#### Assignment
Look through the data below for the string "with", and copy every line where it turns up.

#### Data listing

┏━━

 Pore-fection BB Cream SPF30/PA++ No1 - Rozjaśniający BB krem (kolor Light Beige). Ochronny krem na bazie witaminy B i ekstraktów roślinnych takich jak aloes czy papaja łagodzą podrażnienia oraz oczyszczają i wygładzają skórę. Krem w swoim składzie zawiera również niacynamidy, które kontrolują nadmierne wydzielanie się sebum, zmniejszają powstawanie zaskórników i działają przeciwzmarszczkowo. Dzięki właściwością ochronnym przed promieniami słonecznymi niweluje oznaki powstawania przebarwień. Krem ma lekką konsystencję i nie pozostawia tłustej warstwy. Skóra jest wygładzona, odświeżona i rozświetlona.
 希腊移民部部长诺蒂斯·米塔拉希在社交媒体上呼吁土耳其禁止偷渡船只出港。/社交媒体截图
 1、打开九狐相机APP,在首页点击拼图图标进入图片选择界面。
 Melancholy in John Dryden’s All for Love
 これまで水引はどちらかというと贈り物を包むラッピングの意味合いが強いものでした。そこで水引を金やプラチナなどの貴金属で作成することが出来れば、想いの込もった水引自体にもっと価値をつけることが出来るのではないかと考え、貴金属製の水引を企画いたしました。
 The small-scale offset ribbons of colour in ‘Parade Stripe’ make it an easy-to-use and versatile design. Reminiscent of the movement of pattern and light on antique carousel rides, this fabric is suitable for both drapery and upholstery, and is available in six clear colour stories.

┗━━
┏━━

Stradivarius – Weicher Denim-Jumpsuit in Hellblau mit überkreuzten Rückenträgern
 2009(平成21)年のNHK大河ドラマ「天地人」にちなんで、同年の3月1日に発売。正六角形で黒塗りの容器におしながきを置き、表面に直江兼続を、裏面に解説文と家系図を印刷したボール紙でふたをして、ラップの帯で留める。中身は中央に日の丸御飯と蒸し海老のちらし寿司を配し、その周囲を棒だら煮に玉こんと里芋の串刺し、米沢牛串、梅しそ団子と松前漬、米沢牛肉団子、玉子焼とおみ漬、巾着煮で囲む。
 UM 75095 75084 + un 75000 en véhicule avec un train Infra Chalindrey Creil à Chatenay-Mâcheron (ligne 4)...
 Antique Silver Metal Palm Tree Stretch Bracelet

┗━━
┏━━

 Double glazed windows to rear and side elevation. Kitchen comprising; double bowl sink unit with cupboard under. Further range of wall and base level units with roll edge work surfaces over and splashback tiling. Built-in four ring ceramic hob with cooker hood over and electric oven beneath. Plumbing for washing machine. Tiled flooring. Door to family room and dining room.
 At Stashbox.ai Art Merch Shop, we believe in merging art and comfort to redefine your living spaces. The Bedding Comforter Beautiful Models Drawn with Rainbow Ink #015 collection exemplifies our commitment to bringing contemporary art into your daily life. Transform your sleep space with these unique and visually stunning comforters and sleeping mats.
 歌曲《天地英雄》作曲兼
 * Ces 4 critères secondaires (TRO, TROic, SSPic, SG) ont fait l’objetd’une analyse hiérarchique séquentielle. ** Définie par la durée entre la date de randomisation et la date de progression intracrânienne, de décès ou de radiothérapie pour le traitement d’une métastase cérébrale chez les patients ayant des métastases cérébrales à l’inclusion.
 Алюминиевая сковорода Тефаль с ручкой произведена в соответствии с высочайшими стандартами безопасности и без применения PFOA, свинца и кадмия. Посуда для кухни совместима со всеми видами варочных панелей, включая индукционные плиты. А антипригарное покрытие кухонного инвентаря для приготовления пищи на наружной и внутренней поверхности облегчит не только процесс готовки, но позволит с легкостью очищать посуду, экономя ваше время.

┗━━

#### Answer to this task
 Double glazed windows to rear and side elevation. Kitchen comprising; double bowl sink unit with cupboard under. Further range of wall and base level units with roll edge work surfaces over and splashback tiling. Built-in four ring ceramic hob with cooker hood over and electric oven beneath. Plumbing for washing machine. Tiled flooring. Door to family room and dining room.
 At Stashbox.ai Art Merch Shop, we believe in merging art and comfort to redefine your living spaces. The Bedding Comforter Beautiful Models Drawn with Rainbow Ink #015 collection exemplifies our commitment to bringing contemporary art into your daily life. Transform your sleep space with these unique and visually stunning comforters and sleeping mats.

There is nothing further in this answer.